REQUIRED ACTION
Please find the line that holds "Braut-Kleiderbügel-Set Aus Holz" below and reproduce it, along with every line after it through the end, exactly and without pictures.

INPUT RECORDS

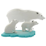 Bumbu large polar bear and 2 small polar bear cub toys stood on the wooden ice floe block on a white background
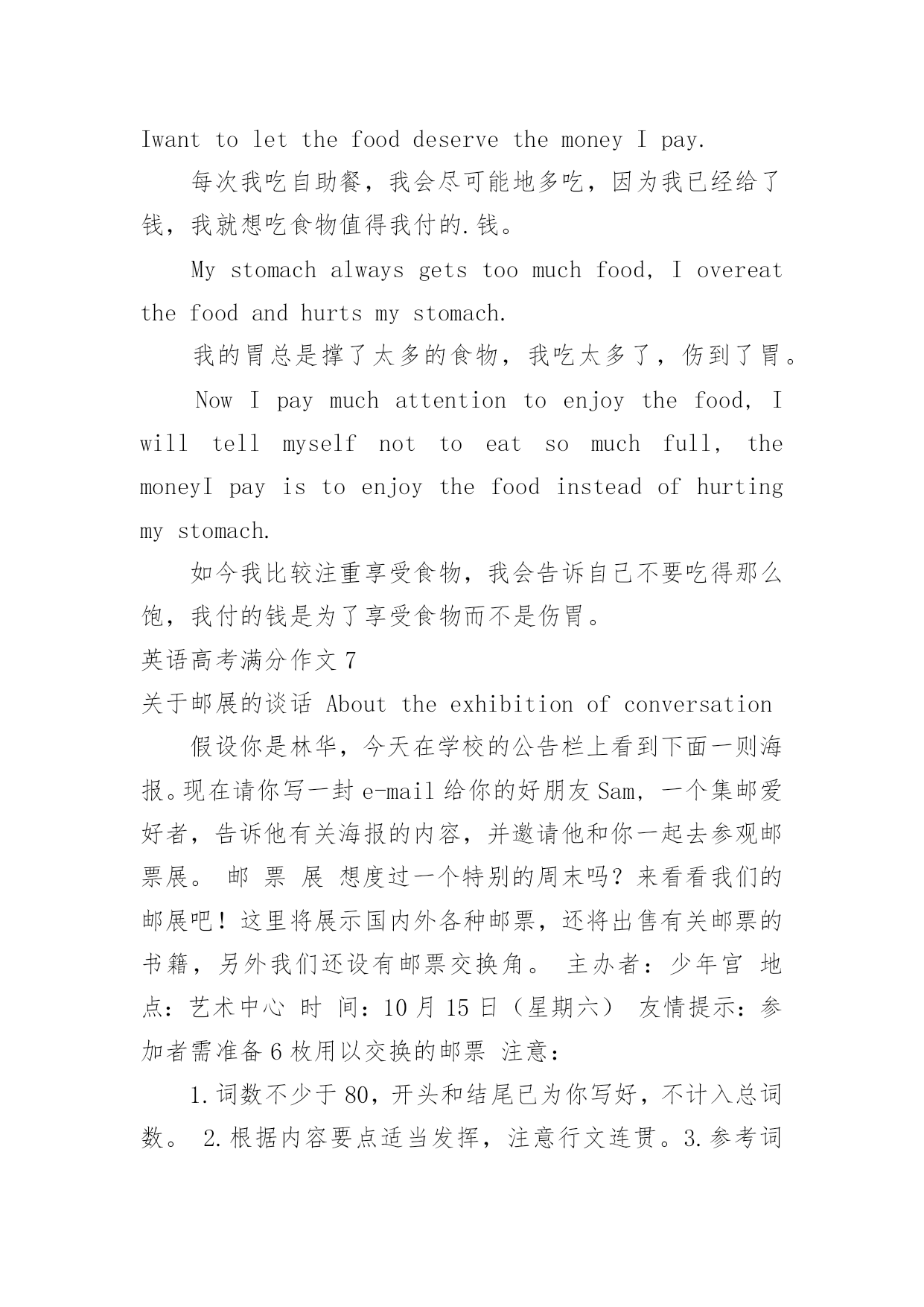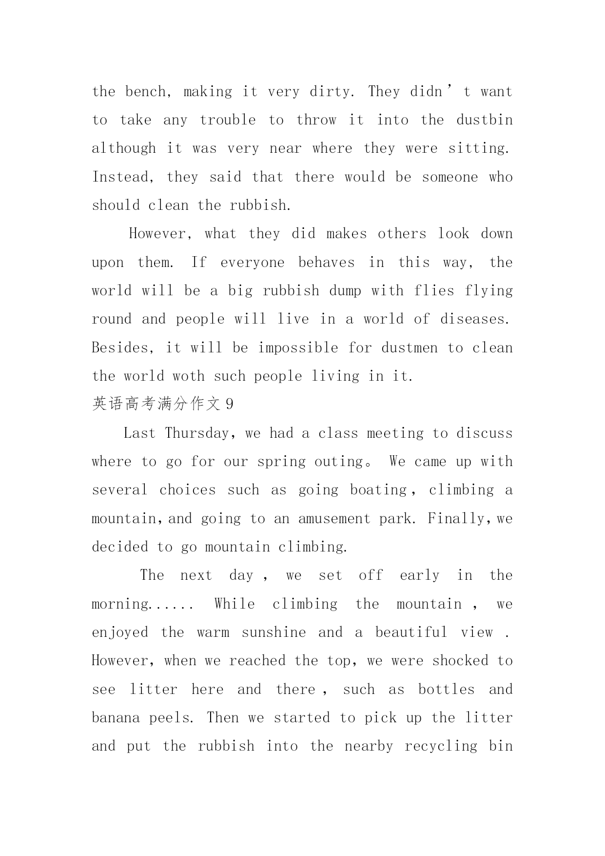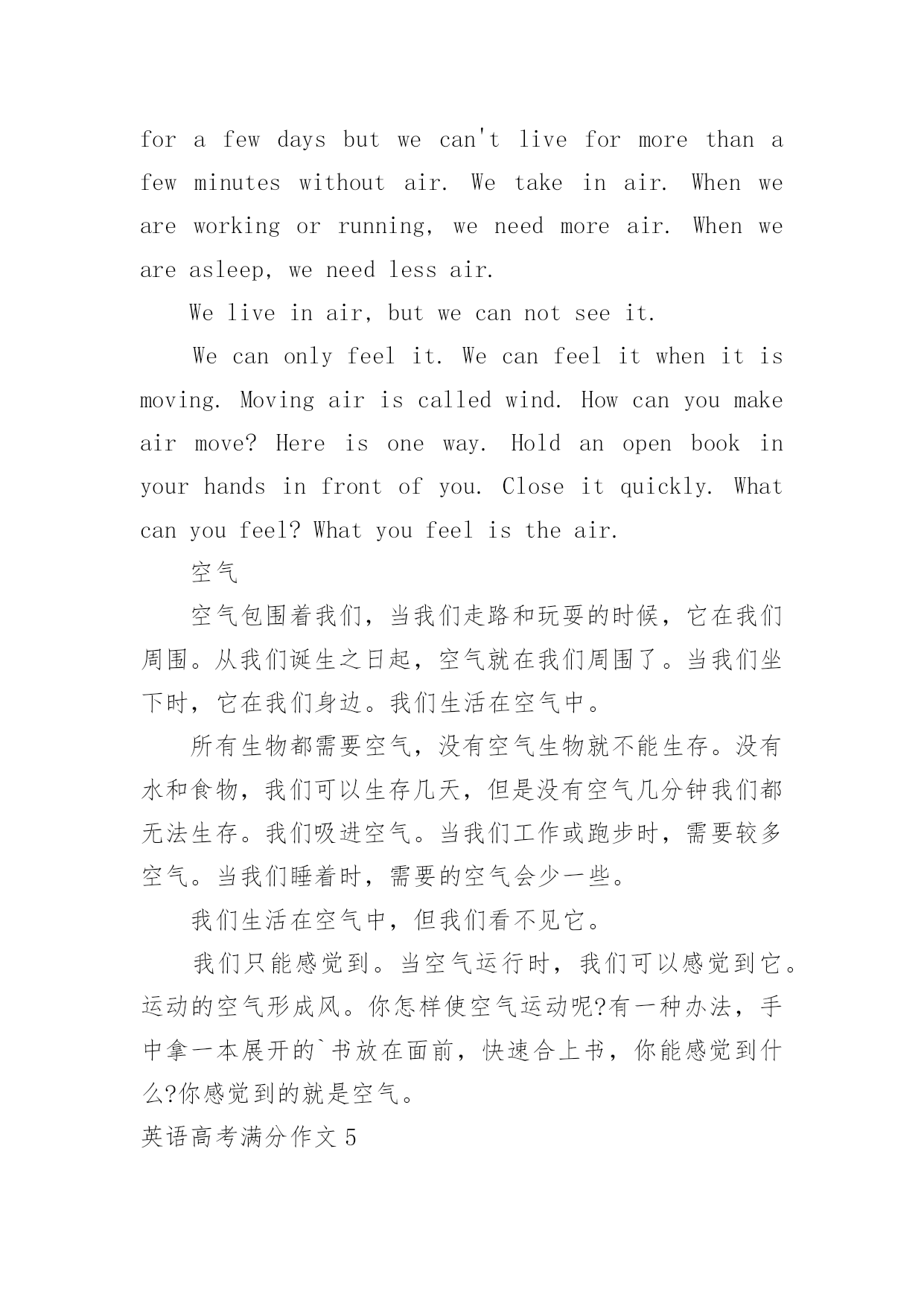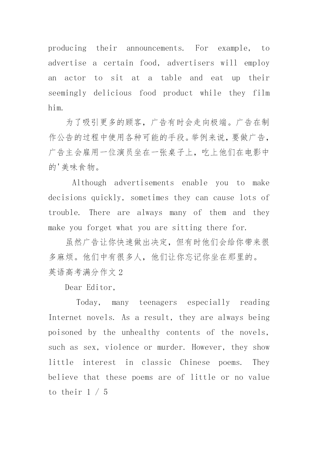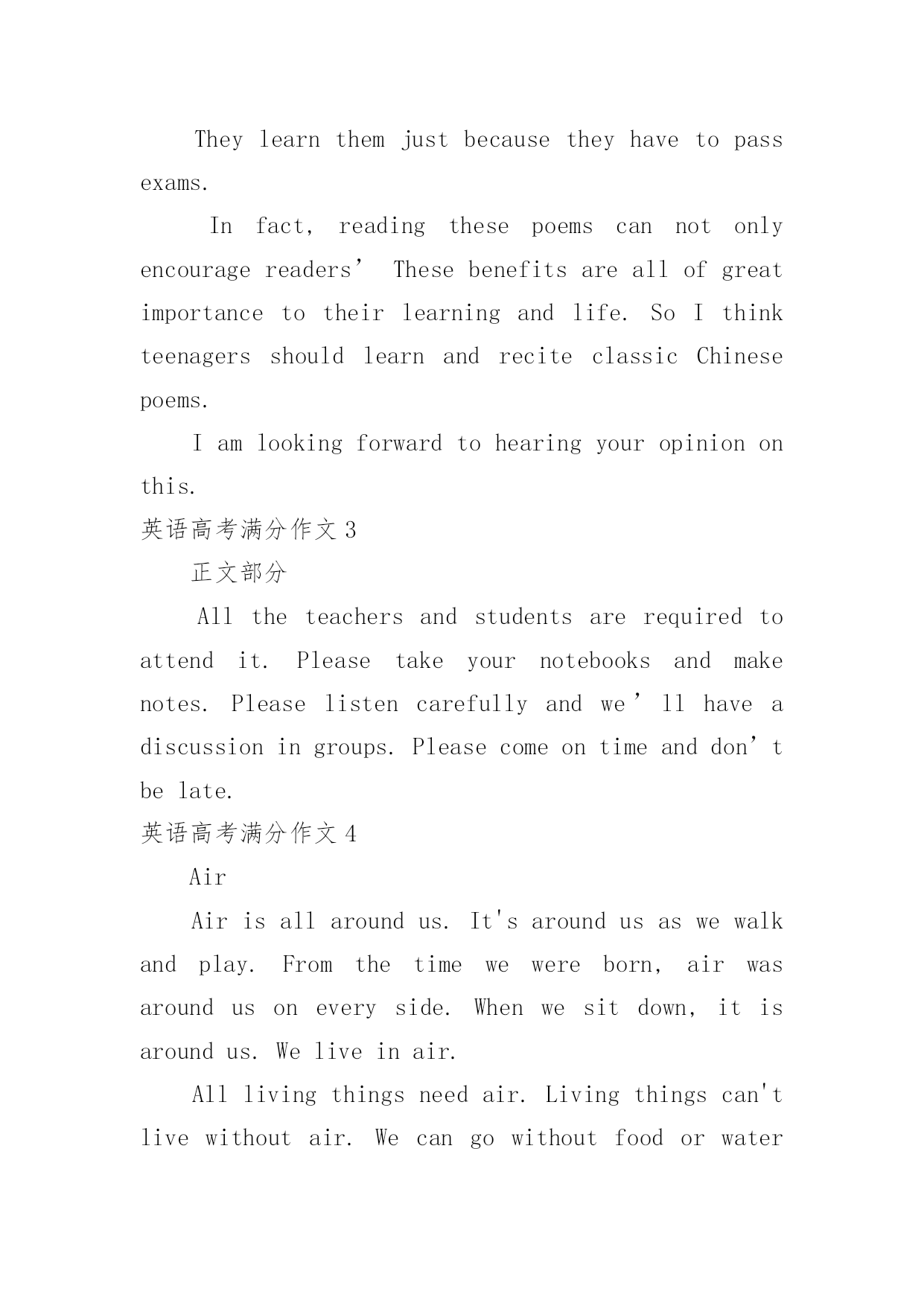 英语高考满分作文英语高考满分作文在平平淡淡的学习、工作、生活中,大家都跟作文打过交道吧,作文根据写作时限的不同可以分为限时作文和非限时作文。如何写一篇有思想、有文采的作文呢?以下是小编为大家收集的英语高考满分作文,希望能够帮助到大家。英语高考满分作文1Advertisementsappeareverywhereinmodernsociety.Whenyouwalkalongthestreets,youcanseelargeboardswithprettygirlssmilingatyou.Youreadnewspapers,andseehalfofthepagescoveredwithads.YouturnonTV,andyouseecommercialadvertisementsagain.Whetheryoulikeitornot,advertisementsfillyourlife.广告在现代社会中无处不在。当你走在街上,你可以看到大的董事会与漂亮的女孩在你微笑。你看报纸,看到有一半的网页上覆盖着广告。你打开电视,你看到商业广告。不管你喜欢不喜欢,广告填满你的生活。Inordertoattractmorecustomers,advertisementswillsometimesgotoextremes.Advertisementsuseeverypossiblemeansinproducingtheirannouncements.Forexample,toadvertiseacertainfood,advertiserswillemployanactortositatatableandeatuptheirseeminglydeliciousfoodproductwhiletheyfilmhim.为了吸引更多的顾客,广告有时会走向极端。广告在制作公告的过程中使用各种可能的手段。举例来说,要做广告,广告主会雇用一位演员坐在一张桌子上,吃上他们在电影中的'美味食物。Althoughadvertisementsenableyoutomakedecisionsquickly,sometimestheycancauselotsoftrouble.Therearealwaysmanyofthemandtheymakeyouforgetwhatyouaresittingtherefor.虽然广告让你快速做出决定,但有时他们会给你带来很多麻烦。他们中有很多人,他们让你忘记你坐在那里的。英语高考满分作文2DearEditor,Today,manyteenagersespeciallyreadingInternetnovels.Asaresult,theyarealwaysbeingpoisonedbytheunhealthycontentsofthenovels,suchassex,violenceormurder.However,theyshowlittleinterestinclassicChinesepoems.Theybelievethatthesepoemsareoflittleornovaluetotheir1/5Theylearnthemjustbecausetheyhavetopassexams.Infact,readingthesepoemscannotonlyencouragereaders’Thesebenefitsareallofgreatimportancetotheirlearningandlife.SoIthinkteenagersshouldlearnandreciteclassicChinesepoems.Iamlookingforwardtohearingyouropiniononthis.英语高考满分作文3正文部分Alltheteachersandstudentsarerequiredtoattendit.Pleasetakeyournotebooksandmakenotes.Pleaselistencarefullyandwe’llhaveadiscussioningroups.Pleasecomeontimeanddon’tbelate.英语高考满分作文4AirAirisallaroundus.It'saroundusaswewalkandplay.Fromthetimewewereborn,airwasaroundusoneveryside.Whenwesitdown,itisaroundus.Weliveinair.Alllivingthingsneedair.Livingthingscan'tlivewithoutair.Wecangowithoutfoodorwaterforafewda
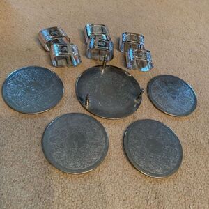SilverSmith Silver Plated Coasters And Napkin Rings Set. They appear to have letter H engraved on them. Coasters are tarnished and 2 are missing. Napkin rings have very little tarnish.
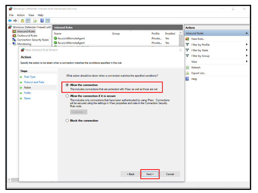 4). Choose Allow the connection and click Next.
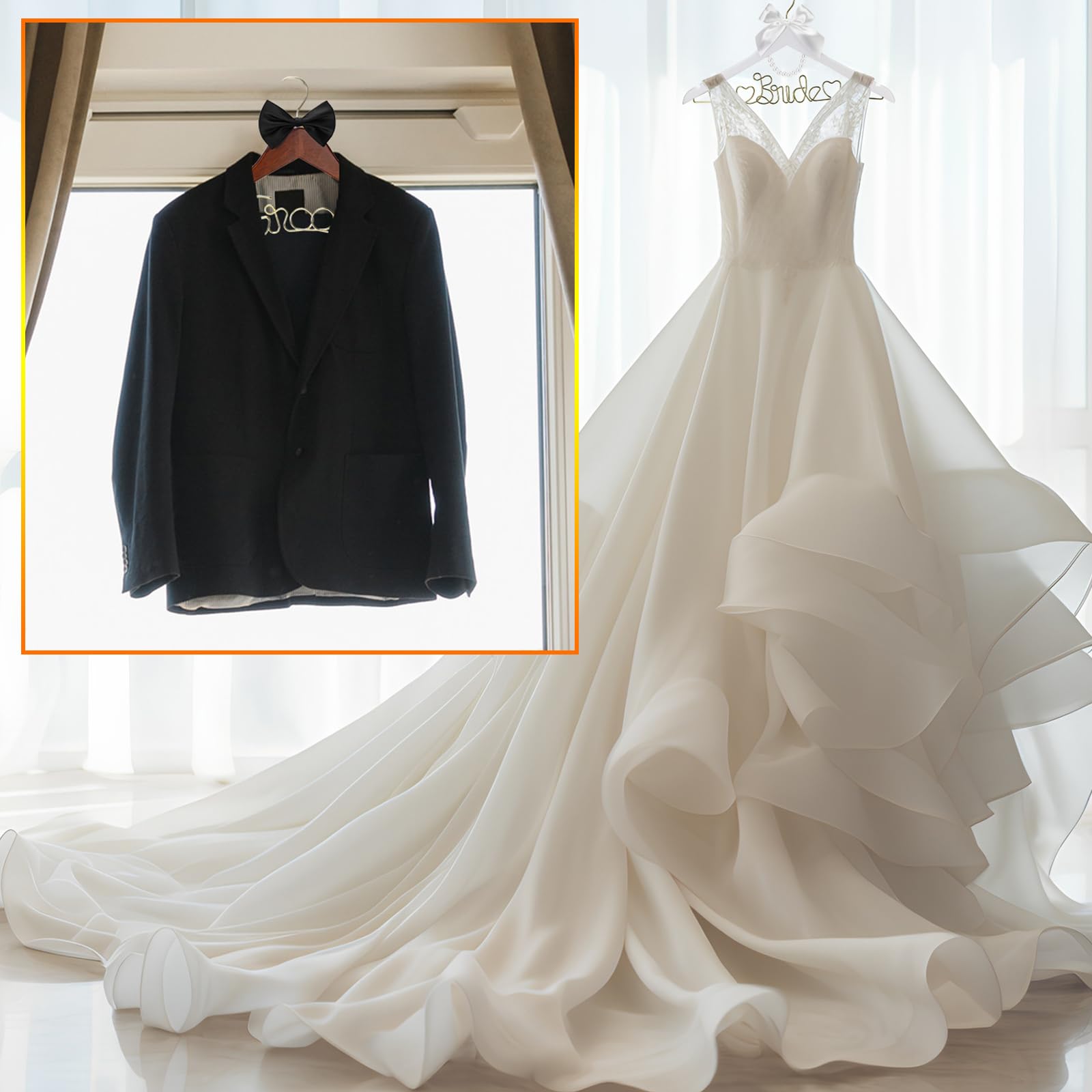 Braut-Kleiderbügel-Set Aus Holz Mit Fliege Für Smoking, Anzug, Hochzeitsgeschenk, Brautparty, 2 Stück (einfach
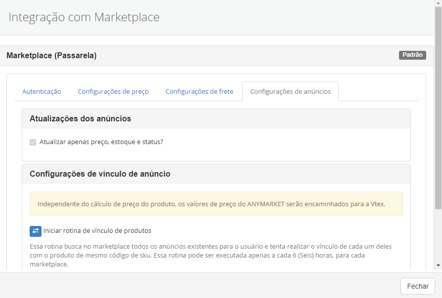 - Atualizar somente preço, estoque e status: Ao ativar essa opção, o ANYMARKET encaminhará somente informações de preço, estoque e status para o Marketplace após o anúncio ativo, ou seja, caso uma imagem do produto no ANYMARKET seja alterada, a imagem do anúncio não será atualizada no marketplace.

WRITTEN RESPONSE
 Braut-Kleiderbügel-Set Aus Holz Mit Fliege Für Smoking, Anzug, Hochzeitsgeschenk, Brautparty, 2 Stück (einfach
 - Atualizar somente preço, estoque e status: Ao ativar essa opção, o ANYMARKET encaminhará somente informações de preço, estoque e status para o Marketplace após o anúncio ativo, ou seja, caso uma imagem do produto no ANYMARKET seja alterada, a imagem do anúncio não será atualizada no marketplace.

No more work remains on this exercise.